Earliest Obtainable Separate Map of Nantucket
French edition of the earliest separate map of Nantucket, published in the 18th century. Originally prepared to accompany Michel Guillaume St. Jean de Crevecoeur's Lettre d'un Cultivateur Americain (Letters from an American Farmer), the map shows the island of Nantucket as well as the nearby island of Tuckernuck.
The map includes a key naming 32 landmarks and a decorative compass rose. Several additional places are named directly on the map. The town of Sherburne, which would be renamed after the island in 1795, is shown with several small houses and mills. Fulling Mill, which now names a road east of its original location, is also named. A sandbar off the island's southeastern tip is named Pochick.

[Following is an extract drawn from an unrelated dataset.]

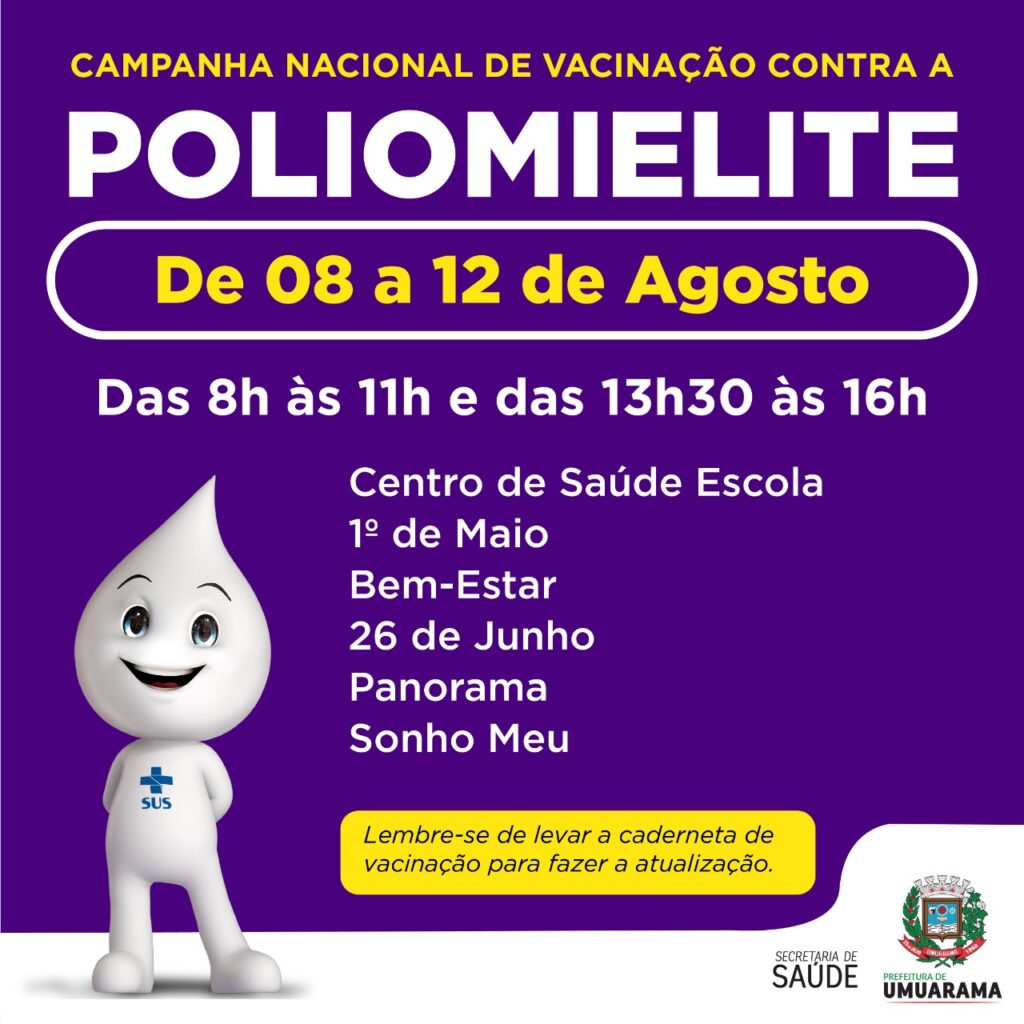A Secretaria de Saúde de Umuarama divulgou que o município está participando da Campanha Nacional de Vacinação contra a Poliomielite. Devem ser imunizadas as crianças de 2 meses até 5 anos de idade.
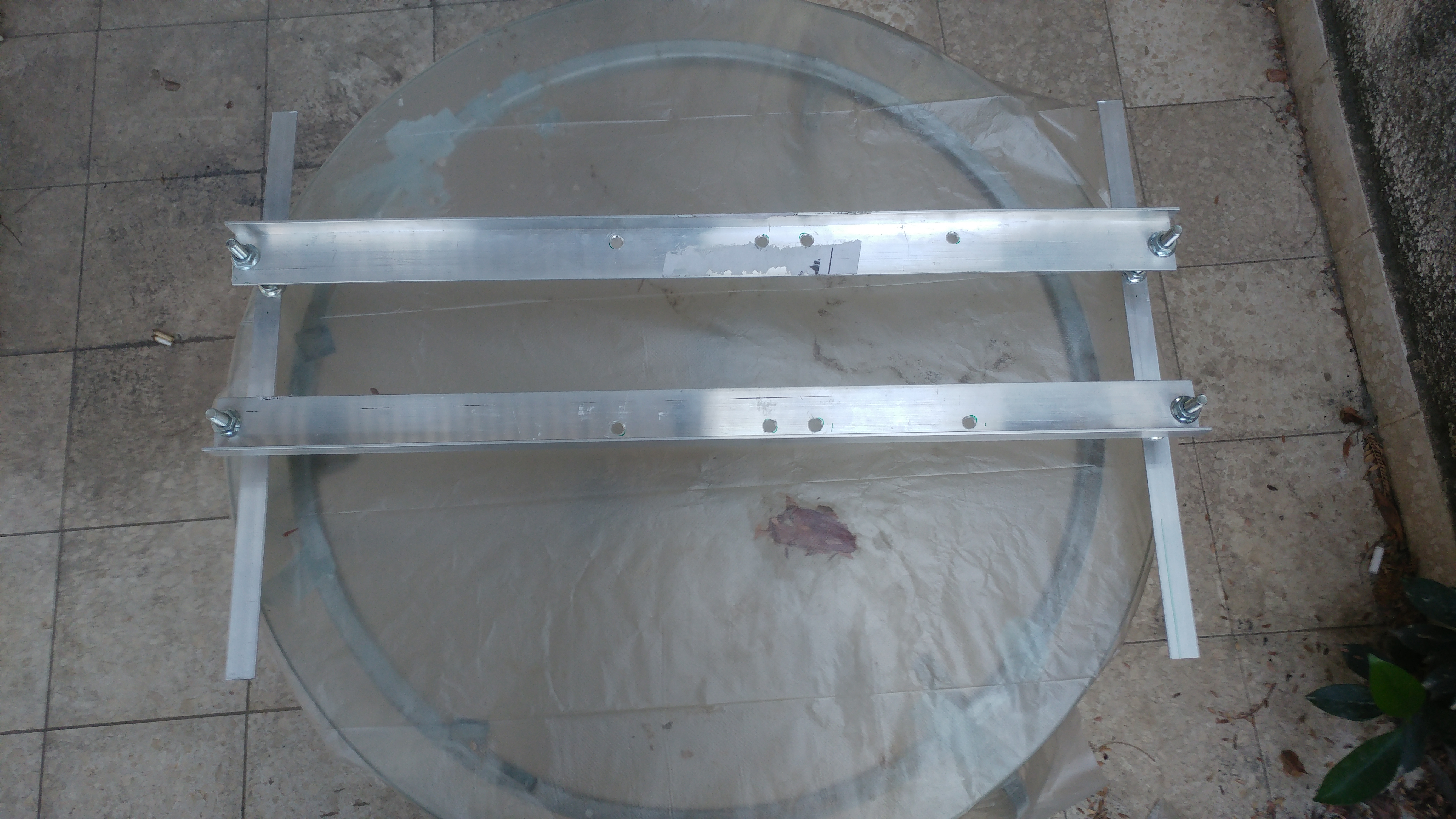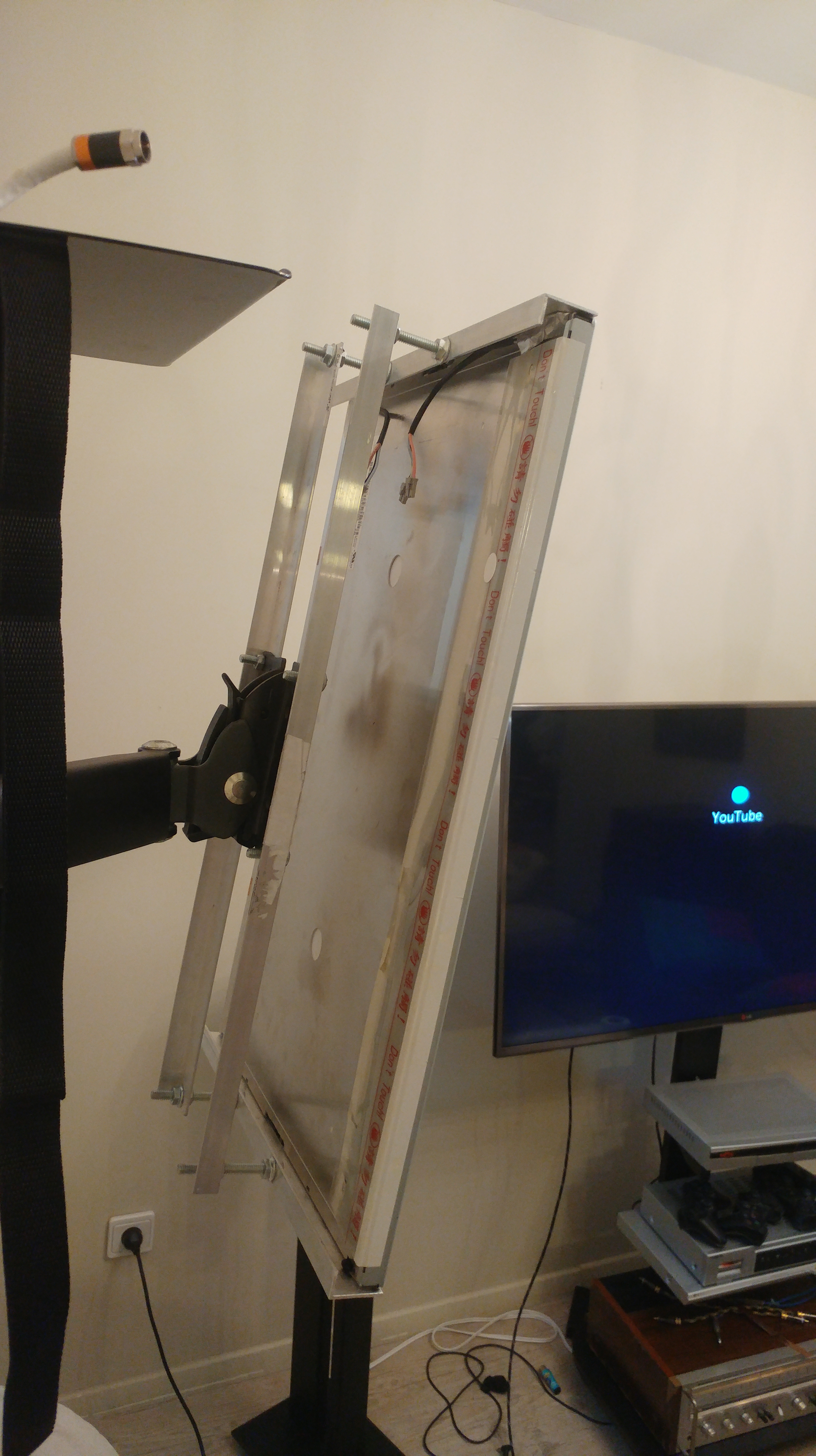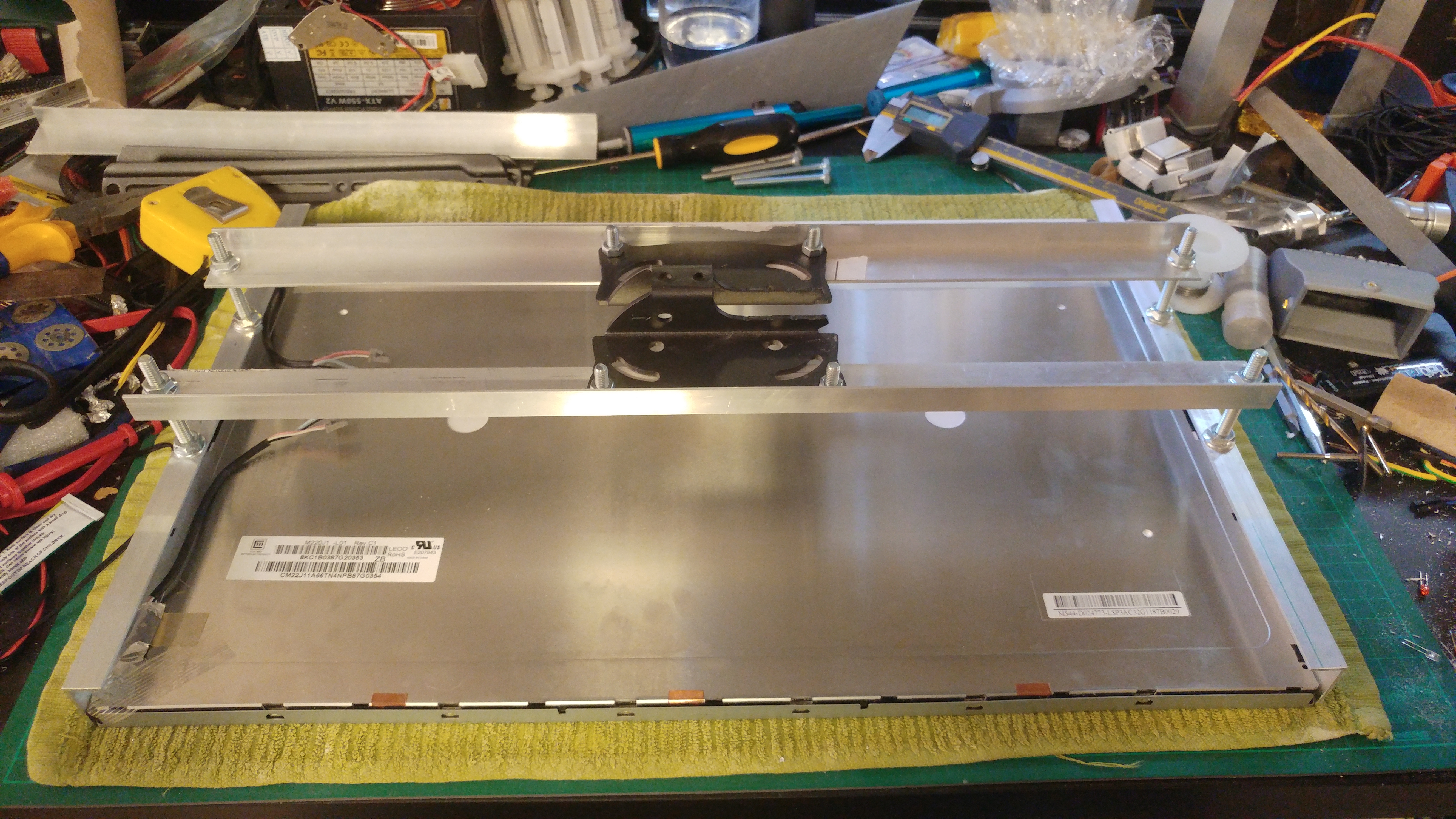 I cut angled aluminium to the length of all sides of the screen, two pieces fit the sides of the screen (to be the top and bottom ultimately) and two that connect them to the VESA mount and the cage.

Letters from an American Farmer
The epistolary novel Letters from an American Farmer, published by the French immigrant St. Jean de Crevecoeur, describes the lifestyle of farming on the island of Nantucket in the period immediately preceding the Revolutionary War. Written from the point of view of someone corresponding with an English gentleman, the book was only moderately popular in the US but proved a success in Europe, so much so that it is credited with spurring a wave of French migration.
Several of the work's letters deal with the island of Nantucket, describing the politics and customs of the island, focusing on its Quaker society.
The map was engraved by Tardieu in 1785, but was not published until 1787, alongside a later edition of Crevecoeur's Lettre d'un Cultivateur Americain. The presented map is based on a similar map that appeared alongside the 1783 English Letters of an American Farmer, the latter of which is exceedingly rare.